- Born: 1922 Charleston, South Carolina, U.S.
- Died: May 31, 1958 (aged 35–36) New York City, U.S.
- Occupation: Stage actress

= Mary Welch =

American actress

Mary Welch (1922 – May 31, 1958) was an American stage actress on Broadway.

==Biography and career==
Welch was born in Charleston, South Carolina, in 1922, later growing up in San Diego. She attended UCLA, where she won awards as a drama student. At UCLA, she earned degrees in English literature and drama. Welch later moved to New York in 1944, where she starred in her first Broadway play as Jo in an adaptation of Little Women. In 1947, she was a part of the Theatre Guild's play A Moon for the Misbegotten. She starred in the first production of A Streetcar Named Desire in 1947, replacing Kim Hunter. Welch later starred in The Solid Gold Cadillac (1953) and then was a part of Sunrise at Campobello (1957) at the time of her death. Her other roles include the plays The Joyous Season, Joy to the World, and Dream Girl. A clause in Welch's contract, from playwright Eugene O'Neill, for A Moon for the Misbegotten stated that she had to gain at least 50 lb to reach 180 lb for the role. O'Neill also originally stated that she looked too normal for the role.

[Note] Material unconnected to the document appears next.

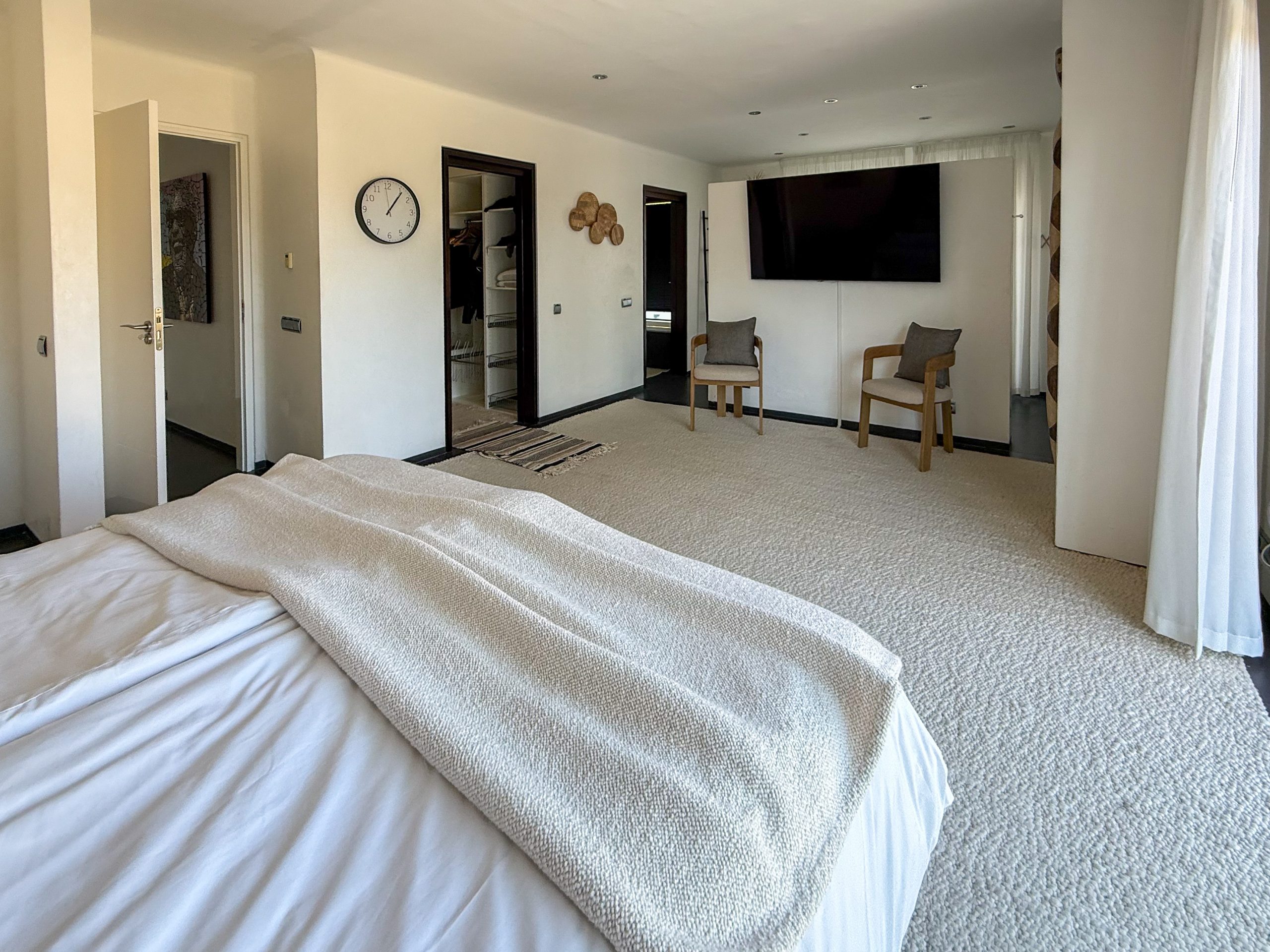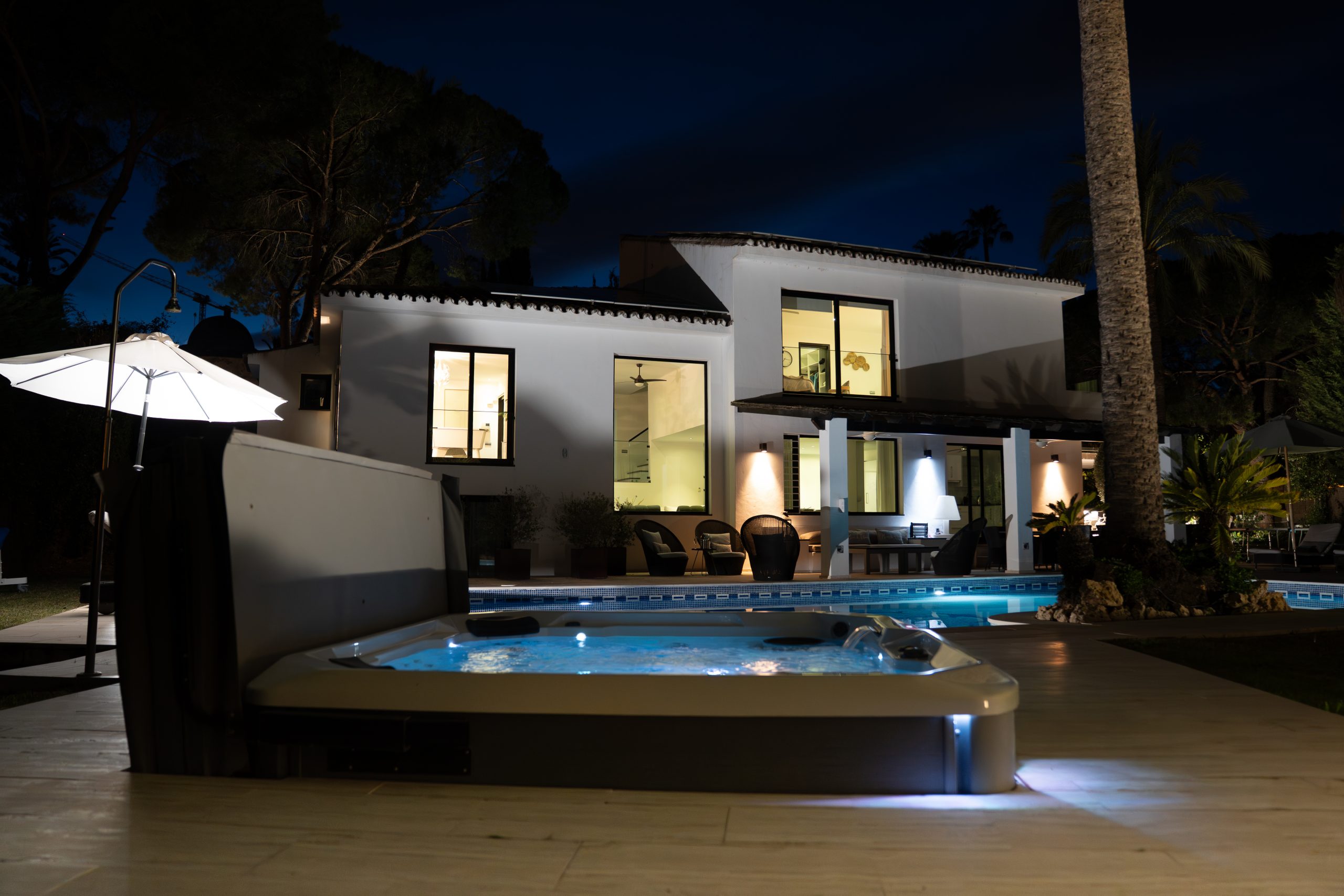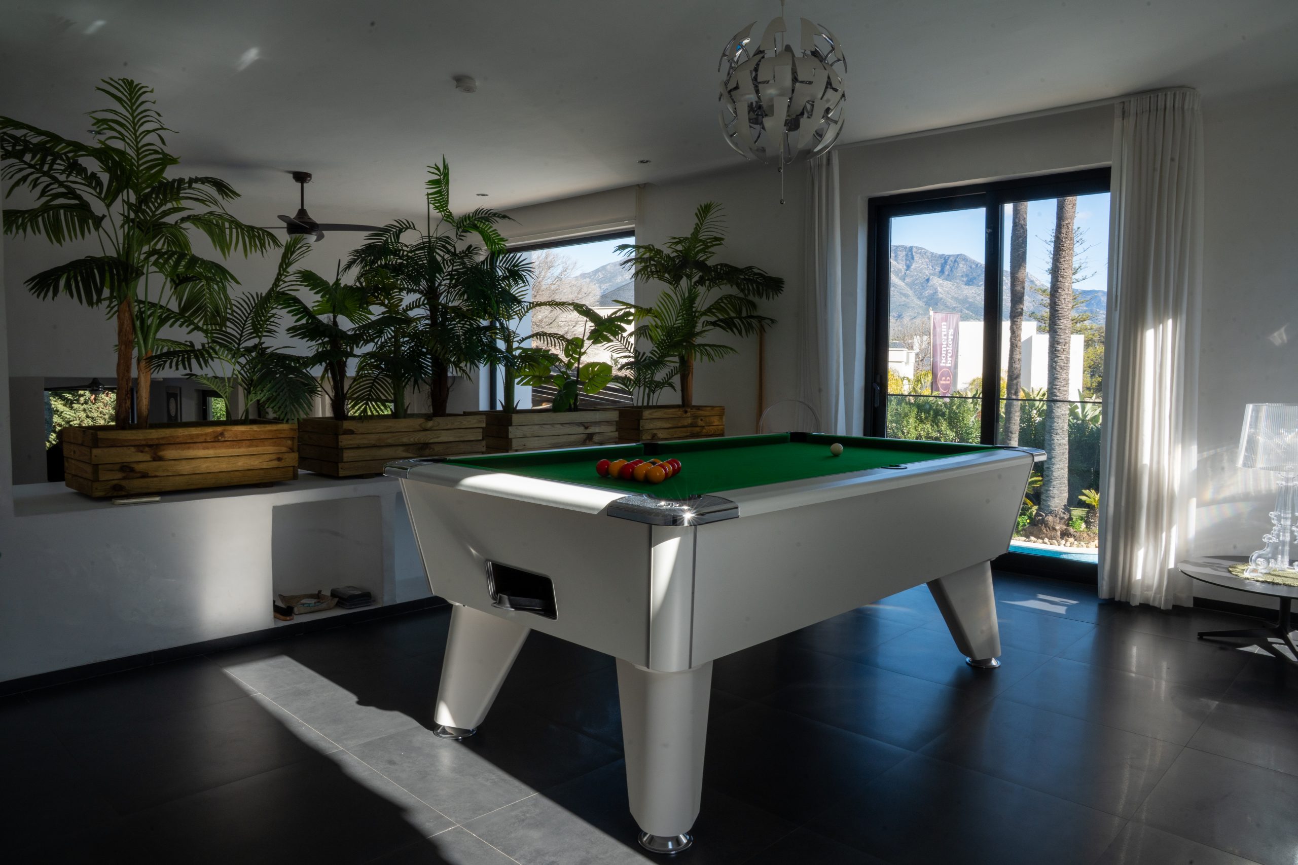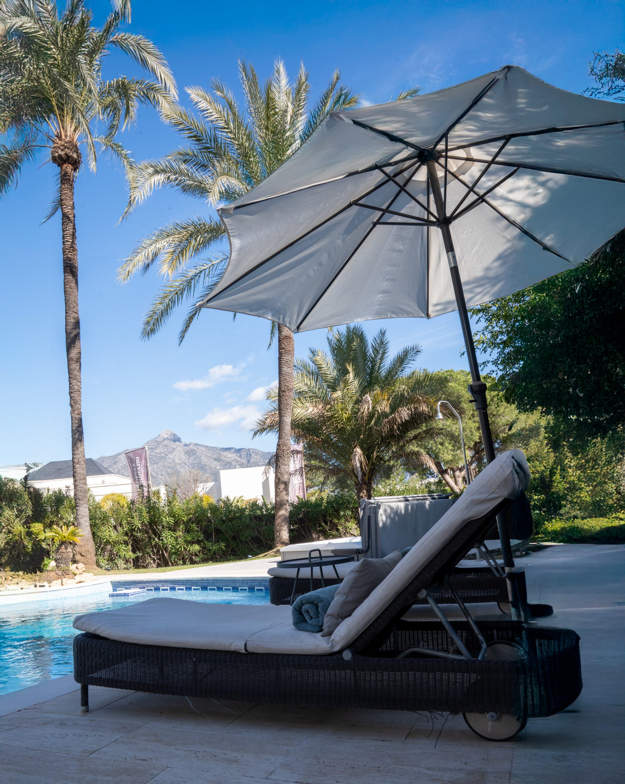 Outside you have a spacious garden with palm trees, a large heated swimming pool and jacuzzi. The barbecue area is ideal for entertaining and dining under the stars, while the partly covered terrace and lounge seating offer a cosy feel. With total privacy and views towards the mountains, it is genuinely a peaceful haven of paradise.

Welch appeared in a few episodes of TV dramas in the 1950s, and in one notable movie role. In Park Row (1952), written and directed by Samuel Fuller, Welch plays the tough newspaper publisher who is the main character's rival... and then romantic interest. In his autobiography, Fuller said of Mary Welch, "She was a beautiful, self-possessed woman with an inner strength that shone through her personality."

==Personal life and death==
Mary Welch was married to the actor David White. Welch died on May 31, 1958, at Mount Sinai Hospital from an internal hemorrhage that started while she was pregnant with her second child. She was a patient at the hospital for several weeks.

At the time of her death, she was performing in the production Sunrise at Campobello. Regarding Welch's earlier weight gain for A Moon for the Misbegotten, Harold Clurman of The Nation wrote, "This stupid and horrible clause may very well have led to the actress's death shortly after the play's production". In 2005, journalist Laura Shea wrote in The Eugene O'Neill Review, "While a significant, if temporary, weight gain is not beneficial to one's health, it is unlikely that this played a role in her untimely death over ten years after A Moon for the Misbegotten.

After her death, her husband raised their only child, Jonathan, who died on December 21, 1988, at the age of 33, in the bombing of Pan Am Flight 103 over Lockerbie, Scotland.